_Exercise data_
....................
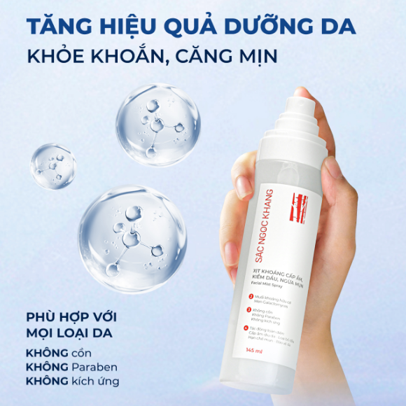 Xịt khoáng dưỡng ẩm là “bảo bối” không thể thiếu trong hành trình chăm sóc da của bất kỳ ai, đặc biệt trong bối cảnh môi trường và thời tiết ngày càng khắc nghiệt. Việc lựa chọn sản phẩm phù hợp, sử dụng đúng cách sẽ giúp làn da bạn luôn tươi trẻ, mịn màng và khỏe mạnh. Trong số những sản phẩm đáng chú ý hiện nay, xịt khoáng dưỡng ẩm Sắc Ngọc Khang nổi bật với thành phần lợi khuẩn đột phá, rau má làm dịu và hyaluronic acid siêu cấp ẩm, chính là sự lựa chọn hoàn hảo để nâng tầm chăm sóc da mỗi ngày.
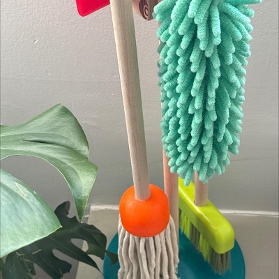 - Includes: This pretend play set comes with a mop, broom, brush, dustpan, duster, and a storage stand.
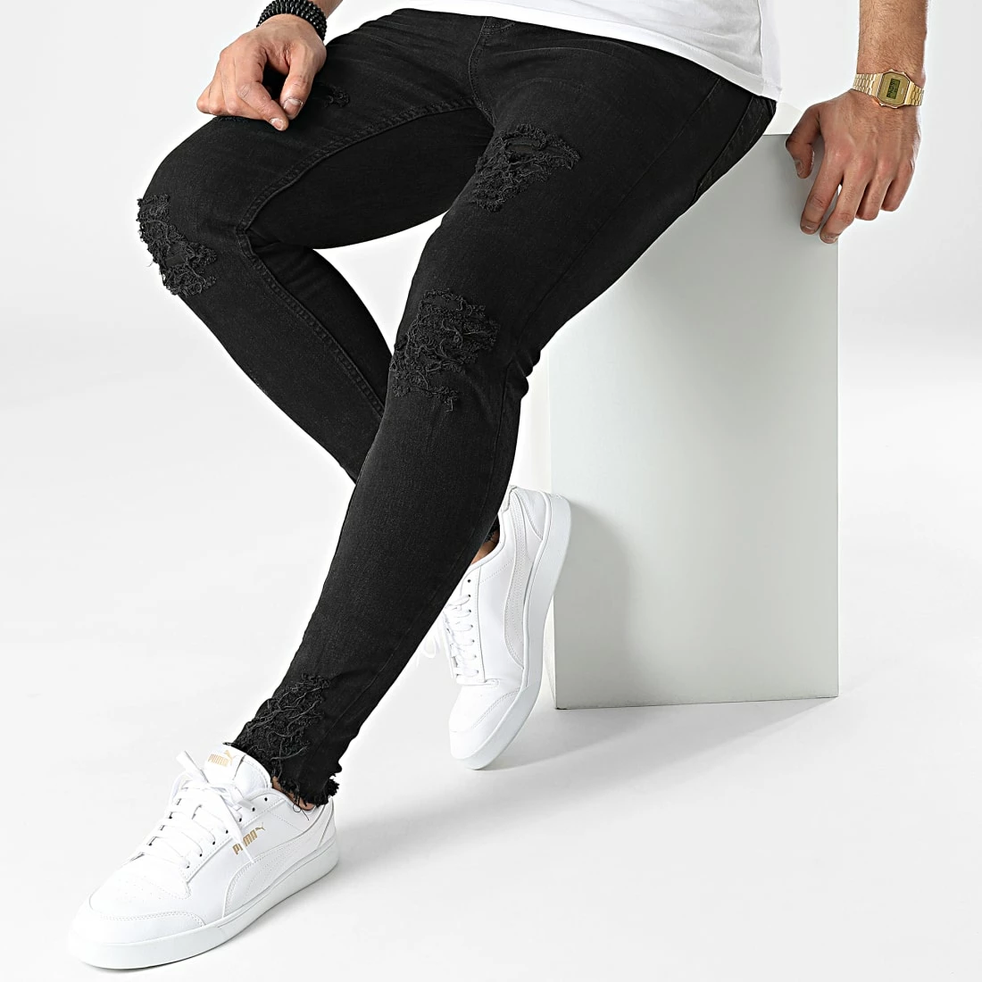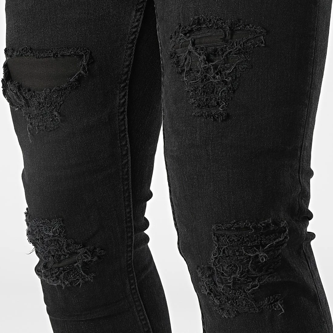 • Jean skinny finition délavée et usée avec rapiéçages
....................
_Work instruction_
The reply should repeat the data in full, exactly as given, and contain no pictures.

_Written solution_
 Xịt khoáng dưỡng ẩm là “bảo bối” không thể thiếu trong hành trình chăm sóc da của bất kỳ ai, đặc biệt trong bối cảnh môi trường và thời tiết ngày càng khắc nghiệt. Việc lựa chọn sản phẩm phù hợp, sử dụng đúng cách sẽ giúp làn da bạn luôn tươi trẻ, mịn màng và khỏe mạnh. Trong số những sản phẩm đáng chú ý hiện nay, xịt khoáng dưỡng ẩm Sắc Ngọc Khang nổi bật với thành phần lợi khuẩn đột phá, rau má làm dịu và hyaluronic acid siêu cấp ẩm, chính là sự lựa chọn hoàn hảo để nâng tầm chăm sóc da mỗi ngày.
 - Includes: This pretend play set comes with a mop, broom, brush, dustpan, duster, and a storage stand.
 • Jean skinny finition délavée et usée avec rapiéçages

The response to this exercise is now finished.